By Emmanuel Allottey

Entrepreneurship and Businesses are the driving engine behind economic activity in Africa. Small and Medium sized enterprises (SMEs) account for about half of global gross domestic product (GDP) and employs over 40% of the workforce in a nation. Increasingly more and more individuals are opting to start a business, launch new ideas, products or services. However, the challenge they face is choosing which type of business to start a Franchise or a Small business.

Choosing between starting a business or buying a franchise has differing risks and rewards.

Higher Success Rate: A franchise is a proven system. All franchisees operate under a common system and get trained about the product line, marketing. Running a small business involves overcoming a lot of hurdles to stabilise the operating rhythm of the business.

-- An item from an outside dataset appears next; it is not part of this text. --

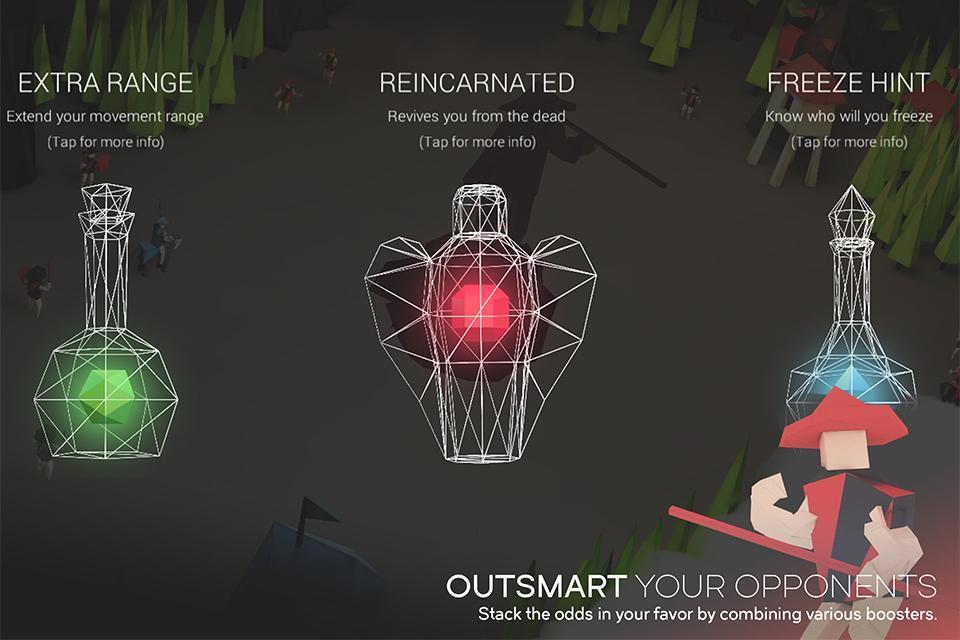 基於轉向的實時多人遊戲,您有5秒鐘可以決定下一步,在各種基本力量之間進行選擇。每個回合,您都必須弄清楚是否會進行激烈的比賽並進行攻擊,還是通過恢復健康,使自己看不見或施放咒語來凍結對手。最重要的是,您必須注意不要妨礙其他玩家的咒語和攻擊。

Brand Recognition: Franchises bring brand awareness with their names from day one. Therefore, customers will know about your products which will increase your sales. Starting a business requires investment in Marketing and branch awareness to increase the visibility of the business which may delay the immediate profitability of the business.

Operational Costs: All starting businesses require capital, however there is a fee for buying the franchise and ongoing fees that you need to pay to a franchiser for using the brand name.

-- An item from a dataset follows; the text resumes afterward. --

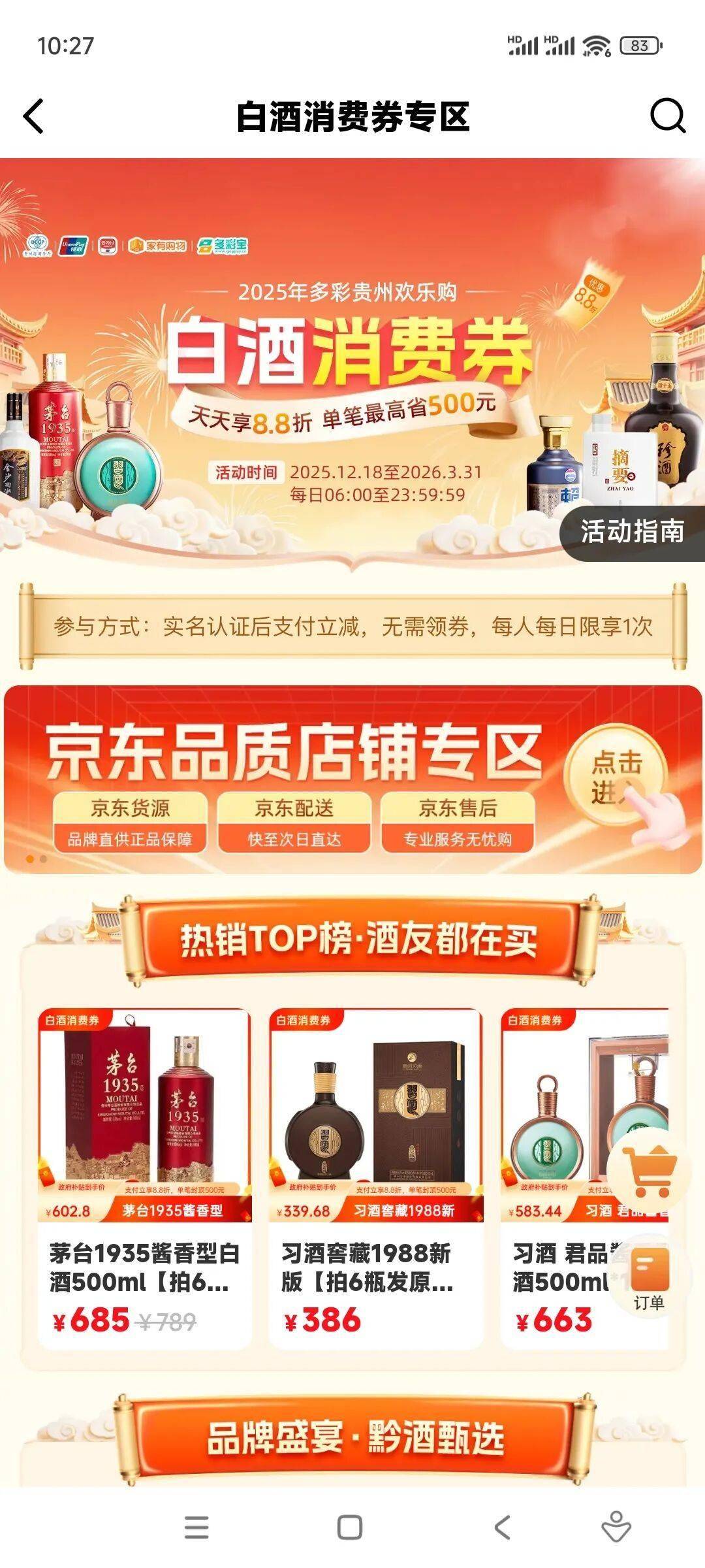 这个明确的数字,来自“多彩贵州欢乐购”白酒消费券的8.8折补贴。

Decision Making: with Franchises individuals do not have the freedom to change anything in a franchise system. With small business the owner is in control and can take decisive actions to adapt to the changing operating environment.

Innovation and Creativity: starting a business encourages innovation and creativity. If you are a highly creative person full of different ideas and you want to make these ideas a reality through a business. Franchises are standardised ideas that are being reproduced.

Business Growth: franchise businesses can grow only up to a certain point but there is no limit to the growth of a small business.

Higher Failure Rate: small businesses have a higher failure rate compared to franchise businesses. Statistics show that 25 percent of start-up businesses fail within their first year, 50 percent of the remaining fail within five years and approximately 30 percent of the remaining last ten years. Franchises can also fail, however they receive support from the franchise to prevent immediate collapse.

There are rewards and risks when venturing into businesses it is important to undergo comprehensive research of the marketplace before deciding which business to start.